ABOUT THIS EXERCISE:
Give the entries below again, word for word, and leave out the images.

(Stored dataset items)
● ● ● ● ●

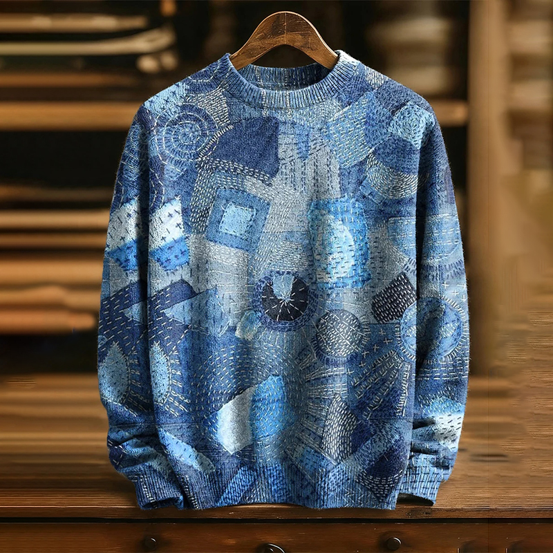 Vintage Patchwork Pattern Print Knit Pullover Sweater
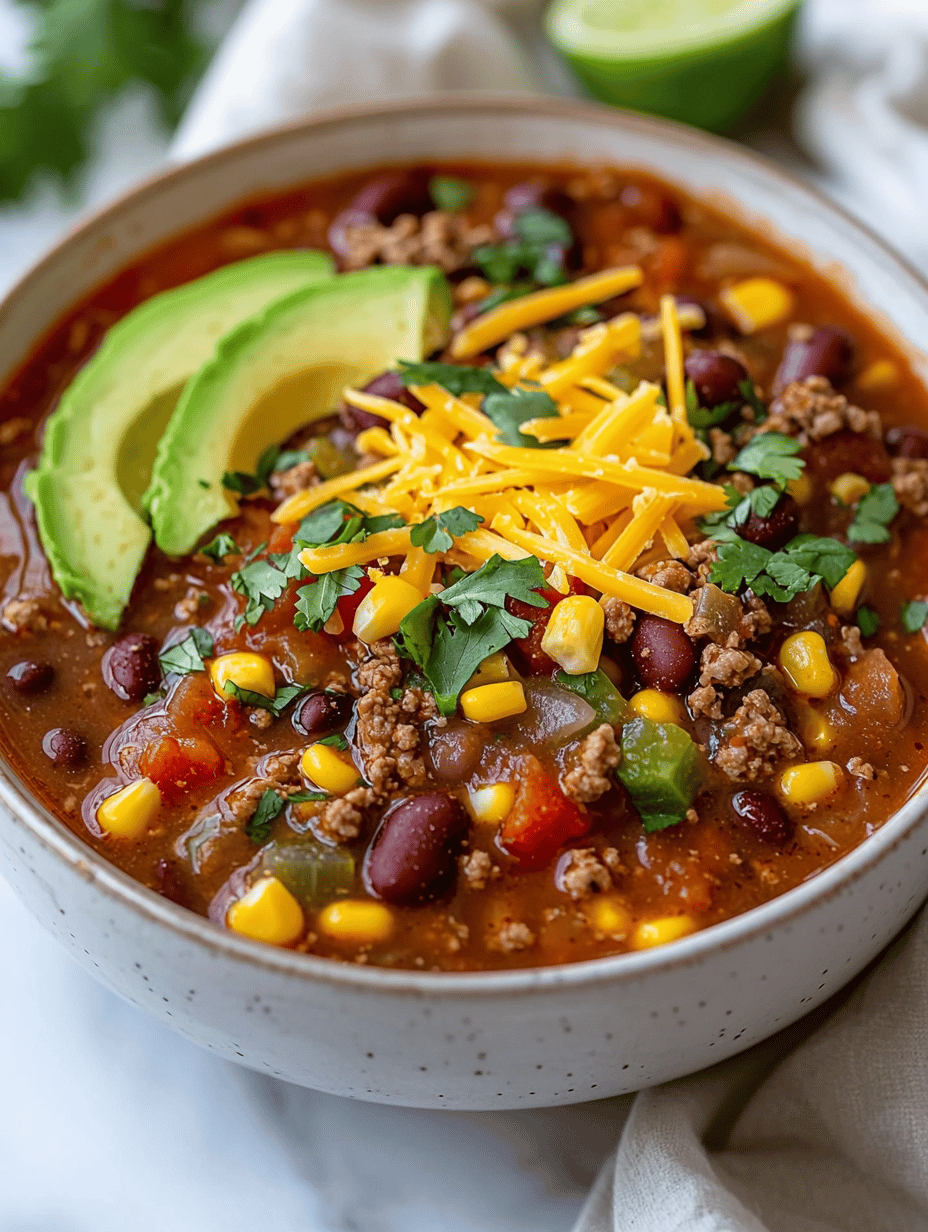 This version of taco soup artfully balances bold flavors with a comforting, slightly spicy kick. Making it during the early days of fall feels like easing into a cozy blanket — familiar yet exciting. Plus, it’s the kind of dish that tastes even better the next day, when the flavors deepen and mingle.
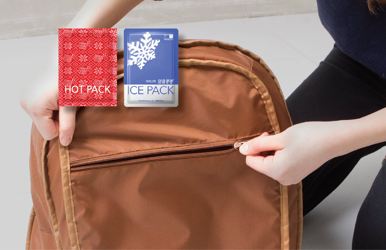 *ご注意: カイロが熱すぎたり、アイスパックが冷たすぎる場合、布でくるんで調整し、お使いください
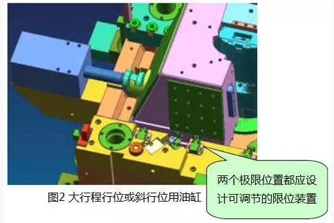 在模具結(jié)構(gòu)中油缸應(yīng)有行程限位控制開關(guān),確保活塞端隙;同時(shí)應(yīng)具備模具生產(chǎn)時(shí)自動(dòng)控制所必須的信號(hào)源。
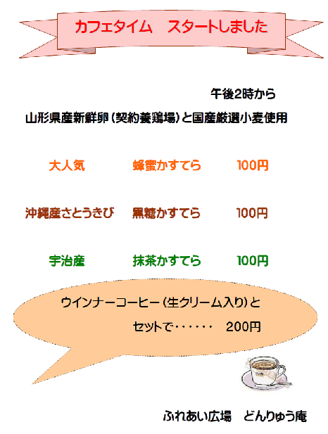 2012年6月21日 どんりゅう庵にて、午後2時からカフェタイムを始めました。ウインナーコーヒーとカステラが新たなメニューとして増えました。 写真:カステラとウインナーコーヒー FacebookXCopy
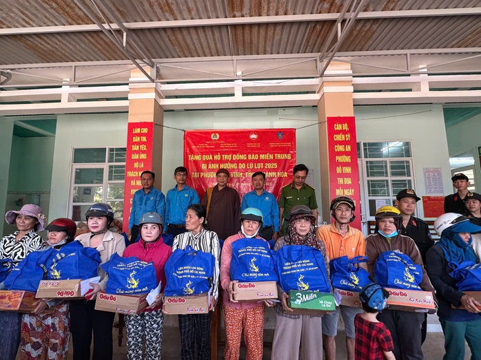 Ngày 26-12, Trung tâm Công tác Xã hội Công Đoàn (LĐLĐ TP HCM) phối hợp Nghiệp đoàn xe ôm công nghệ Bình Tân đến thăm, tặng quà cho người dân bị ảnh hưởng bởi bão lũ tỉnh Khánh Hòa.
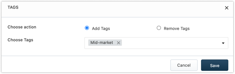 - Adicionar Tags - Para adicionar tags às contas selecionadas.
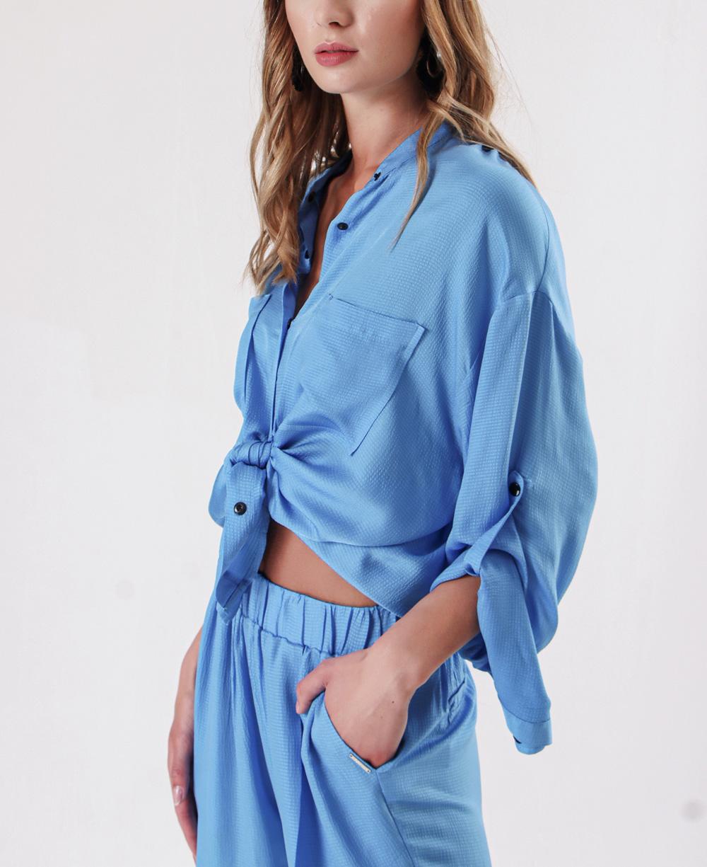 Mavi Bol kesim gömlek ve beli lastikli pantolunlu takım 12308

● ● ● ● ●

TASK RESPONSE:
 Vintage Patchwork Pattern Print Knit Pullover Sweater
 This version of taco soup artfully balances bold flavors with a comforting, slightly spicy kick. Making it during the early days of fall feels like easing into a cozy blanket — familiar yet exciting. Plus, it’s the kind of dish that tastes even better the next day, when the flavors deepen and mingle.
 *ご注意: カイロが熱すぎたり、アイスパックが冷たすぎる場合、布でくるんで調整し、お使いください
 在模具結(jié)構(gòu)中油缸應(yīng)有行程限位控制開關(guān),確保活塞端隙;同時(shí)應(yīng)具備模具生產(chǎn)時(shí)自動(dòng)控制所必須的信號(hào)源。
 2012年6月21日 どんりゅう庵にて、午後2時からカフェタイムを始めました。ウインナーコーヒーとカステラが新たなメニューとして増えました。 写真:カステラとウインナーコーヒー FacebookXCopy
 Ngày 26-12, Trung tâm Công tác Xã hội Công Đoàn (LĐLĐ TP HCM) phối hợp Nghiệp đoàn xe ôm công nghệ Bình Tân đến thăm, tặng quà cho người dân bị ảnh hưởng bởi bão lũ tỉnh Khánh Hòa.
 - Adicionar Tags - Para adicionar tags às contas selecionadas.
 Mavi Bol kesim gömlek ve beli lastikli pantolunlu takım 12308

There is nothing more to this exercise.